Ovarian cancer: fighting a silent killer

Words: Sarah Woodward


Ovarian cancer is the sixth most common cancer in females, usually affecting women after the menopause or those with a family history of the disease. There are 6,000 new cases a year in the UK alone, but the long-term survival rate is just 35-40 per cent. Often called “the silent killer” due to the fact that many patients are diagnosed too late for effective treatment, there is an urgent need to find new ways to treat the disease.


“With masses of data in our healthcare system, medical researchers are beginning to ask how such data can benefit patients through artificial intelligence (AI), while protecting patient privacy,” says Eric Aboagye, Professor of Cancer Pharmacology and Molecular Imaging. “It is against this background that a team of scientists at Imperial created an algorithm for predicting the prognosis of ovarian cancer patients.”


In a study believed to be the largest in the world, Imperial researchers used a mathematical software tool known as TEXLab to discover patterns in routine diagnostic scans. They analysed CT scans and tissue samples taken between 2004 and 2015 from 364 women with ovarian cancer, to identify the aggressiveness of tumours. Using machine-learning techniques, the software examined more than 660 features and chose four that describe biological characteristics of the tumours – structure, shape, size and genetic makeup – to assess the patients’ prognoses. Patients were then given a score known as Radiomic Prognostic Vector (RPV), ranging from mild to severe, to indicate how advanced the disease is.

Above: Using TEXLab 2.0, a software program that summarises specific features in diagnostic scans, researchers found two distinct clusters that, together with other analysis, highlight an intrinsic association between radiomic profile, genetic background and clinical characteristics.


The software was up to four times more accurate in predicting deaths from ovarian cancer than the standard methods of blood tests – which look for a substance called CA125, an indication of cancer – and CT scans. The team found that five per cent of patients with high RPV scores had a survival rate of less than two years. High RPV was also associated with chemotherapy resistance and poor surgical outcomes, suggesting that RPV can be used as a potential biomarker to predict how patients will respond to treatments.


In conjunction with the pharmaceutical industry, the team is working on how AI can be used to predict which patients will benefit from specific drugs, including immunotherapy. “Although each patient’s experience is unique, surgery and chemotherapy for late-stage ovarian cancer can have significant side-effects,” says Aboagye. “However, we can now identify those patients unlikely to benefit from such standard treatments and offer them alternatives.
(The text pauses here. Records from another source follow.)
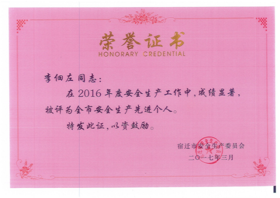 2017年3月,物業(yè)部李佃左同志獲得宿遷市安全生產(chǎn)委員會(huì)授予的“全市安全生產(chǎn)先進(jìn)個(gè)人”榮譽(yù)證書。
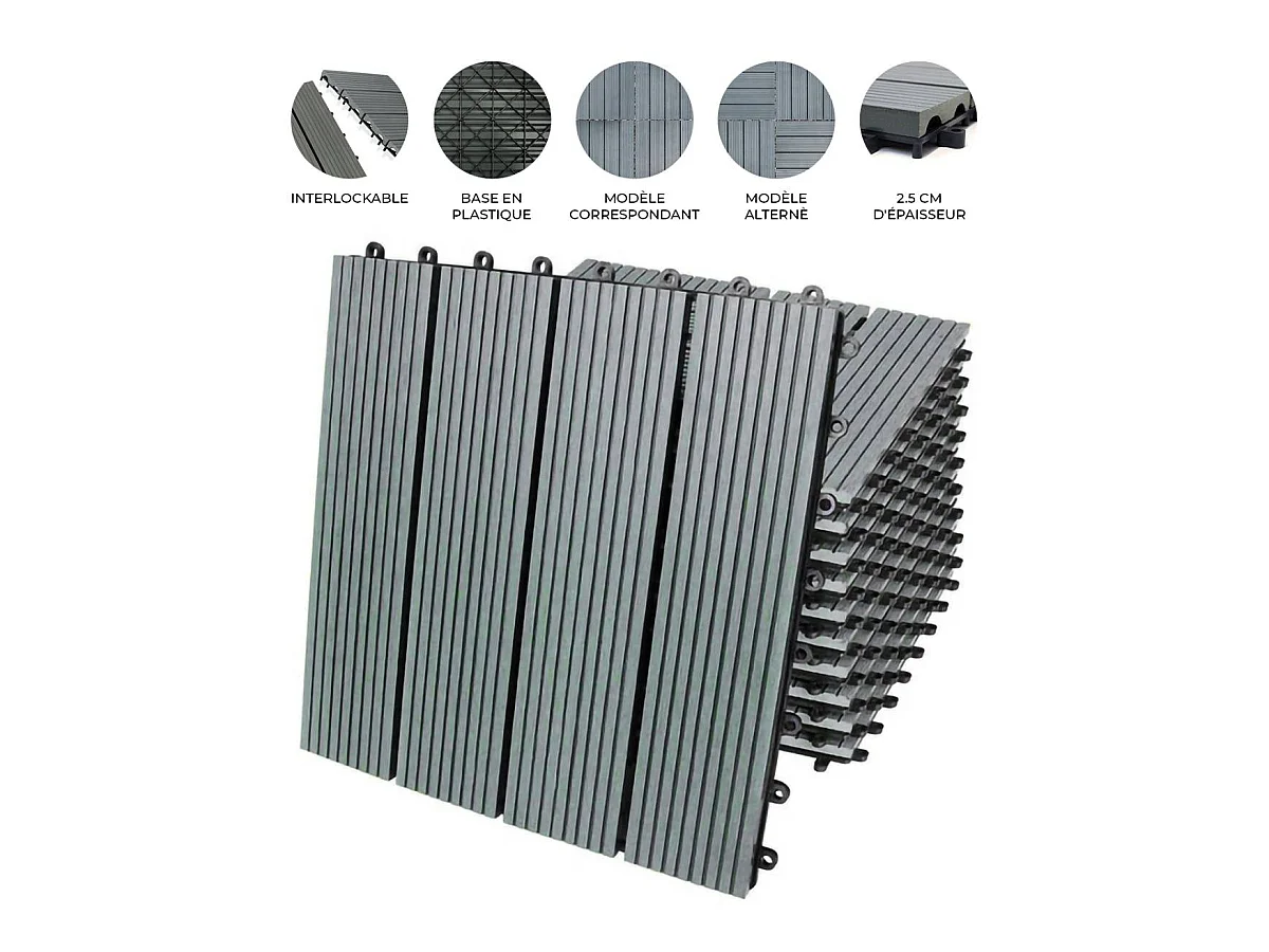 Set van 48 grijze kliktegels van composiet hout
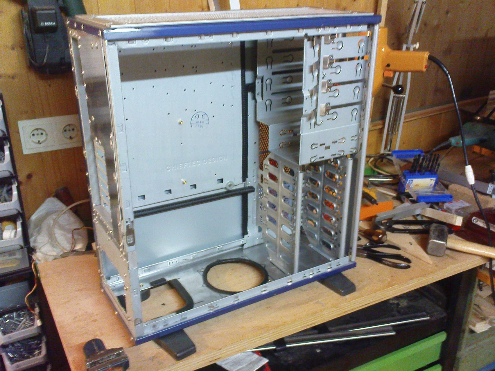 ich habe mein Chieftec LCX-01BL-BL-B-OP Mesh-Midi - blau/schwarz auf Silent umgerüstet - bin aber noch nicht ganz fertig; wollte aber zunächst schon mal einige Bilder hochladen und eure Meinung dazu erfragen. Ich habe das Case günstig bei ebay erstanden und musste es sowieso zerlegen, weil das Gesamte Case total verzogen und gestaucht war. Da kam mir die Idee warum nicht gleich auf Silent umbauen. Nun soweit so gut und soweit bin ich bis jetzt:
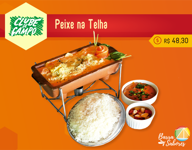 Peixe cozido ao molho com tomate, cebola e champignons. Acompanha pães, patês, salada, pirão e arroz branco.
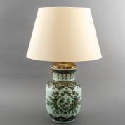 Aardewerk tafellamp met crèmewitte kap, decor: 'Paon', uitvoering Villeroy en Boch, 45 × 26 cm
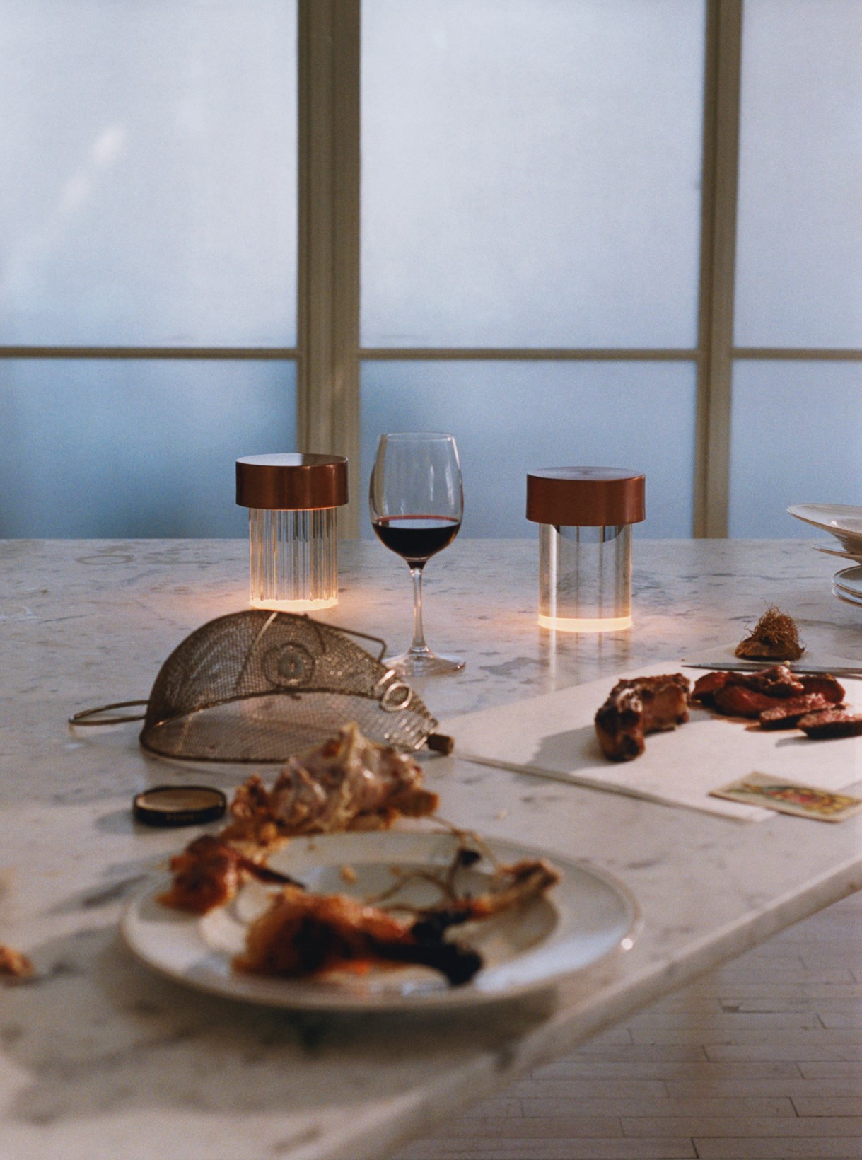 Художница Лайла Гохар и фотограф Чжи Вэй создают один из тех сюрреалистических моментов в конце ночи, когда линии вокруг вещей начинают растворяться. Друзья сидят среди мятых скатертей и почти съеденных десертов. Last Order, новая лампа Майкла Анастасиадиса, окутывает эфемерную сцену теплым сиянием.
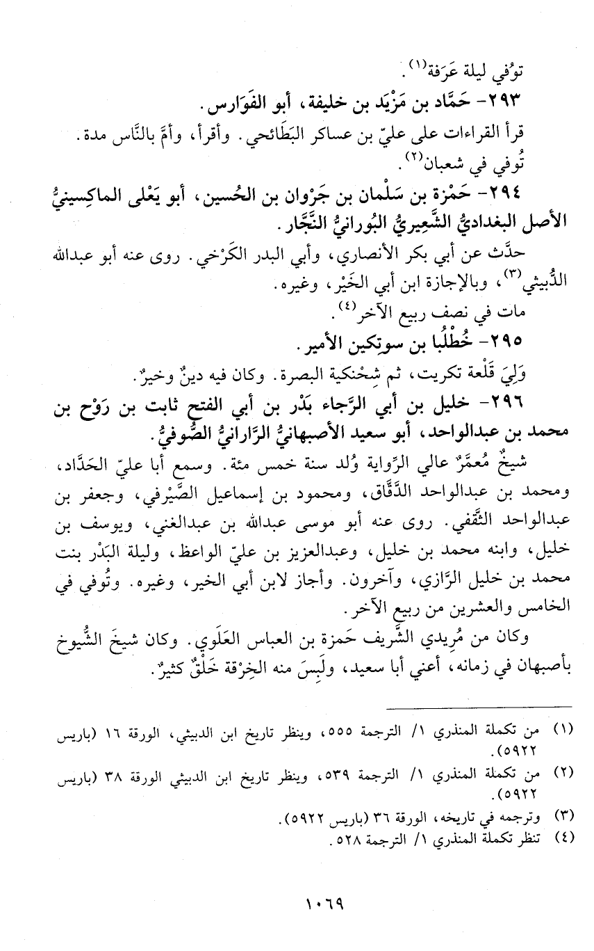 296 - خليل بْن أَبِي الرجاء بدر بْن أَبِي الفتح ثابت بْن رَوْح بْن مُحَمَّد بْن عَبْد الواحد، أبو سَعِيد الإصبهانيّ، الرّارانيّ، الصُّوفيّ. [المتوفى: 596 هـ]
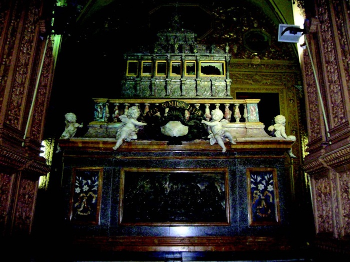 7. Túmulo-relicário em prata com o corpo incorrupto de S. Francisco Xavier, artesãos indianos, 1636-1637, sobre estrutura em pietre dure, mármore e prata por Giovanni Battista Foggini, 1698, Goa, Basílica do Bom Jesus. Fotografia da autora.
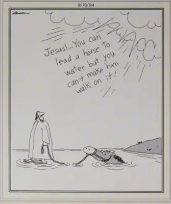 Rock er en kilde til humor, og noen lesere har virkelig funnet den Fjern siden's Vitser om Gud og Jesus må stole på denne årsaken til tegneserien og til og med kritikerne. Taleskyen forble her. Det ser ut som sønnen din. Jesus, du kan ta en hest til vannet, men du kan ikke følge deg selv.
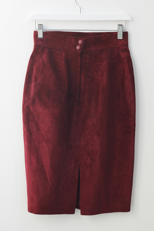 High-waisted vintage suede straight-cut skirt in a rich oxblood color. Zipper and button closure on the back. Waist measures 25" and hips measure 35". Length from the top of the waistband to bottom of skirt is 25". Great condition with regular vintage wear.

Our technology is able to give clinicians more accurate information on how patients are likely to respond to treatments, which could enable them to make better and more targeted treatment decisions.”

The next step is to further appraise the RPV test to make it usable in the NHS environment, necessitating a larger study to see how accurately the software can predict the outcomes of surgery and/or drug therapies for individual patients. But Aboagye has wider ambitions. He says: “In the future we hope to be able to apply similar methodology to other diseases, including lung and brain cancers, as well as Alzheimer’s disease.”

Professor Eric Aboagye is Professor of Cancer Pharmacology and Molecular Imaging in the Department of Surgery and Cancer.